**GOAL OF THE EXERCISE**: An exact transcription of all the records, free of pictures, is the expected answer.

**ENTRIES SHOWN**:
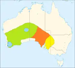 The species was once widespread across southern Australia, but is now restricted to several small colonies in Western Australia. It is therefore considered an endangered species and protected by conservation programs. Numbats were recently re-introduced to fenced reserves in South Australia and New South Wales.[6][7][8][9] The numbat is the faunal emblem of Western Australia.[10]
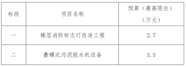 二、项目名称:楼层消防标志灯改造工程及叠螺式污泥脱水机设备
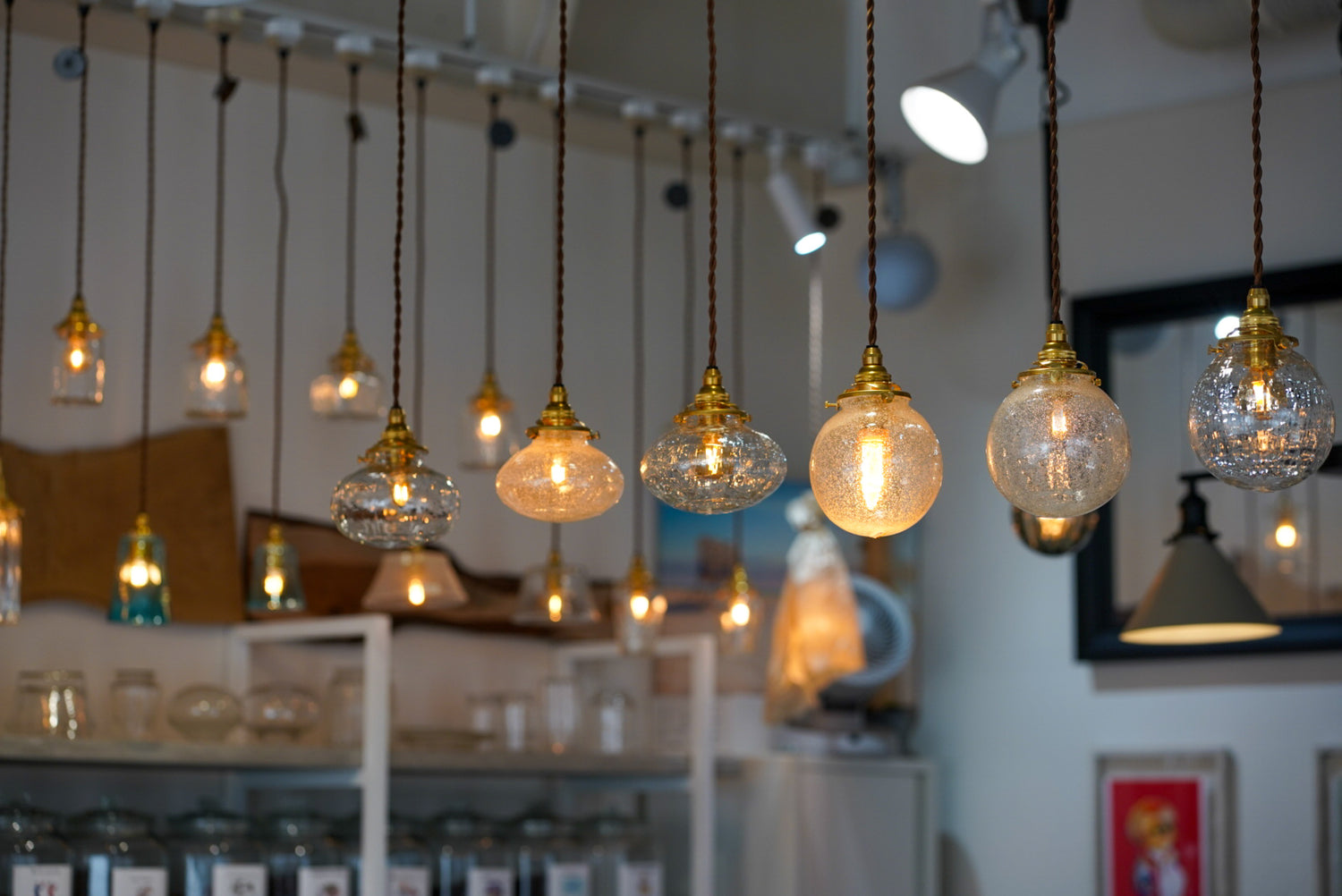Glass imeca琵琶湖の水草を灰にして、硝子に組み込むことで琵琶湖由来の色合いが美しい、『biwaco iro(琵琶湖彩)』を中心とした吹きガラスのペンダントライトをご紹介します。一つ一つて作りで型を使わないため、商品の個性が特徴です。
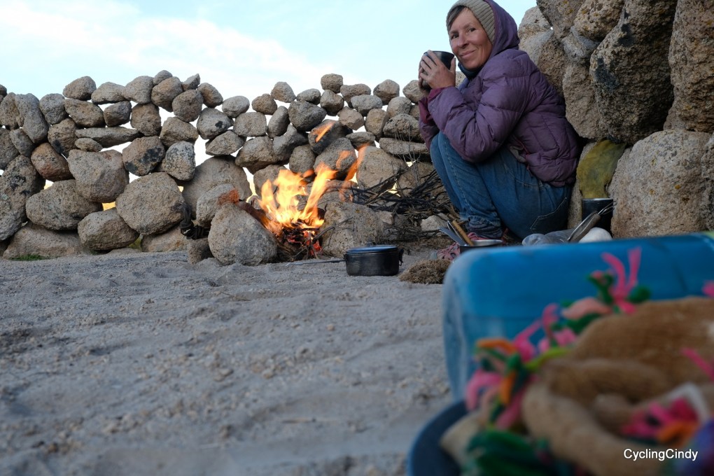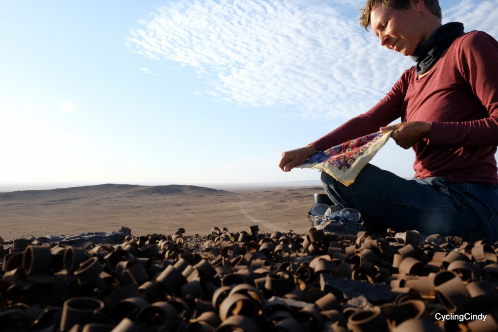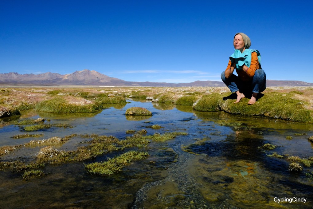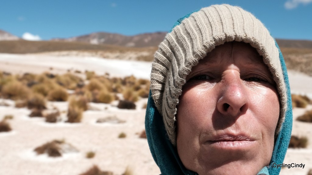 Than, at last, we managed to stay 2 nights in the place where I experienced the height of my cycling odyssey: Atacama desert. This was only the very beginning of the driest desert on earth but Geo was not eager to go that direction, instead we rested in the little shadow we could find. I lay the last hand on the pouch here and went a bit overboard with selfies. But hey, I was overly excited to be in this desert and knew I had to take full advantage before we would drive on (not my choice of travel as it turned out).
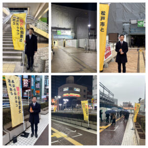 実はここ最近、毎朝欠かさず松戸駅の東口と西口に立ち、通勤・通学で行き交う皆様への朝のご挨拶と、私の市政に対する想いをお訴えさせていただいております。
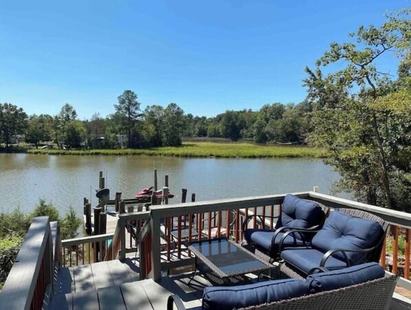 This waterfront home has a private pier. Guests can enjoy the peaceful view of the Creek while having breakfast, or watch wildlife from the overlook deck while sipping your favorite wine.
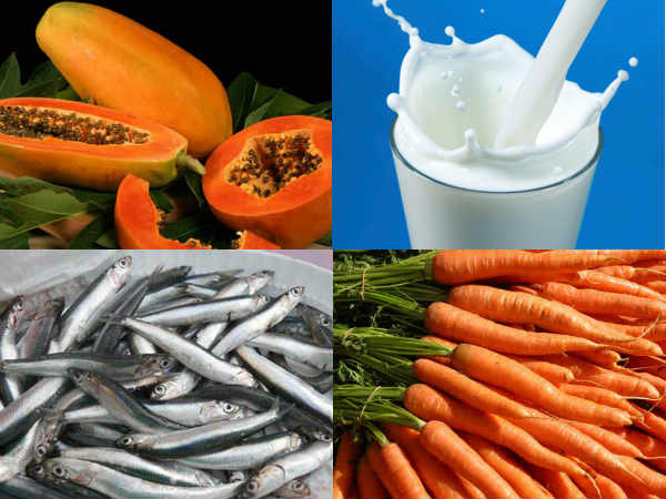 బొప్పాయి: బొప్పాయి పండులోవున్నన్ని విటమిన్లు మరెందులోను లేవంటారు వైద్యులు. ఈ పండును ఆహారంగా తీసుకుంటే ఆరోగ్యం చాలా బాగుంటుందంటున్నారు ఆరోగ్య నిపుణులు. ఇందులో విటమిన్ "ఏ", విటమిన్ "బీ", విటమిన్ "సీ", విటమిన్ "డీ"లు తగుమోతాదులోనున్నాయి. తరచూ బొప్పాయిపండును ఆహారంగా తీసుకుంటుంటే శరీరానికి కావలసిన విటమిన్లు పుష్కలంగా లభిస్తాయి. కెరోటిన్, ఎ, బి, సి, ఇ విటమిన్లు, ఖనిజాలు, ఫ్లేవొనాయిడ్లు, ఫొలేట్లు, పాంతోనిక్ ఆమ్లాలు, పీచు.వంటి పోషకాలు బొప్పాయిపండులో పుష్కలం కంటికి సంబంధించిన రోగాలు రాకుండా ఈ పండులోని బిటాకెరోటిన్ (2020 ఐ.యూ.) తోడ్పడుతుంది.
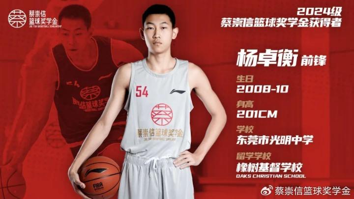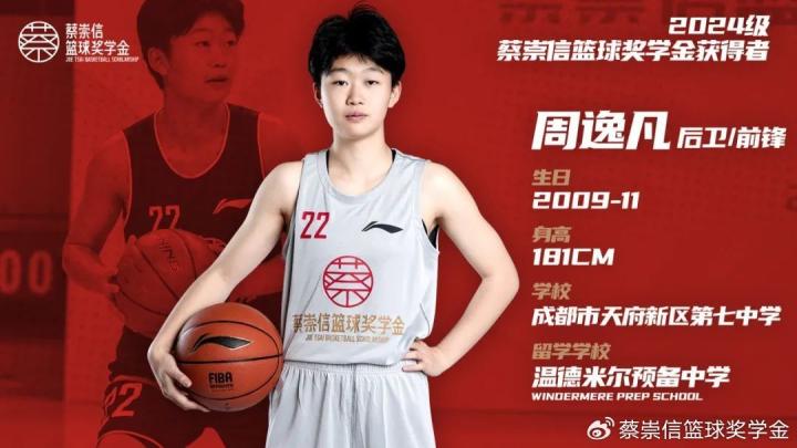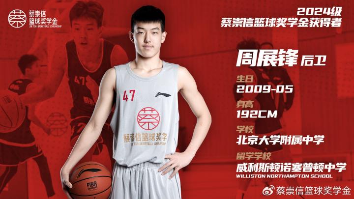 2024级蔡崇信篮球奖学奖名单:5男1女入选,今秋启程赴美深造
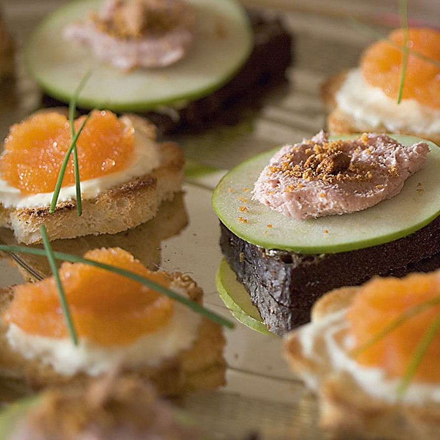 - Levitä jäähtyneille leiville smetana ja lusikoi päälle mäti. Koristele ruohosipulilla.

**ANSWER FOR THIS EXERCISE**:
 The species was once widespread across southern Australia, but is now restricted to several small colonies in Western Australia. It is therefore considered an endangered species and protected by conservation programs. Numbats were recently re-introduced to fenced reserves in South Australia and New South Wales.[6][7][8][9] The numbat is the faunal emblem of Western Australia.[10]
 二、项目名称:楼层消防标志灯改造工程及叠螺式污泥脱水机设备
Glass imeca琵琶湖の水草を灰にして、硝子に組み込むことで琵琶湖由来の色合いが美しい、『biwaco iro(琵琶湖彩)』を中心とした吹きガラスのペンダントライトをご紹介します。一つ一つて作りで型を使わないため、商品の個性が特徴です。
 Than, at last, we managed to stay 2 nights in the place where I experienced the height of my cycling odyssey: Atacama desert. This was only the very beginning of the driest desert on earth but Geo was not eager to go that direction, instead we rested in the little shadow we could find. I lay the last hand on the pouch here and went a bit overboard with selfies. But hey, I was overly excited to be in this desert and knew I had to take full advantage before we would drive on (not my choice of travel as it turned out).
 実はここ最近、毎朝欠かさず松戸駅の東口と西口に立ち、通勤・通学で行き交う皆様への朝のご挨拶と、私の市政に対する想いをお訴えさせていただいております。
 This waterfront home has a private pier. Guests can enjoy the peaceful view of the Creek while having breakfast, or watch wildlife from the overlook deck while sipping your favorite wine.
 బొప్పాయి: బొప్పాయి పండులోవున్నన్ని విటమిన్లు మరెందులోను లేవంటారు వైద్యులు. ఈ పండును ఆహారంగా తీసుకుంటే ఆరోగ్యం చాలా బాగుంటుందంటున్నారు ఆరోగ్య నిపుణులు. ఇందులో విటమిన్ "ఏ", విటమిన్ "బీ", విటమిన్ "సీ", విటమిన్ "డీ"లు తగుమోతాదులోనున్నాయి. తరచూ బొప్పాయిపండును ఆహారంగా తీసుకుంటుంటే శరీరానికి కావలసిన విటమిన్లు పుష్కలంగా లభిస్తాయి. కెరోటిన్, ఎ, బి, సి, ఇ విటమిన్లు, ఖనిజాలు, ఫ్లేవొనాయిడ్లు, ఫొలేట్లు, పాంతోనిక్ ఆమ్లాలు, పీచు.వంటి పోషకాలు బొప్పాయిపండులో పుష్కలం కంటికి సంబంధించిన రోగాలు రాకుండా ఈ పండులోని బిటాకెరోటిన్ (2020 ఐ.యూ.) తోడ్పడుతుంది.
 2024级蔡崇信篮球奖学奖名单:5男1女入选,今秋启程赴美深造
 - Levitä jäähtyneille leiville smetana ja lusikoi päälle mäti. Koristele ruohosipulilla.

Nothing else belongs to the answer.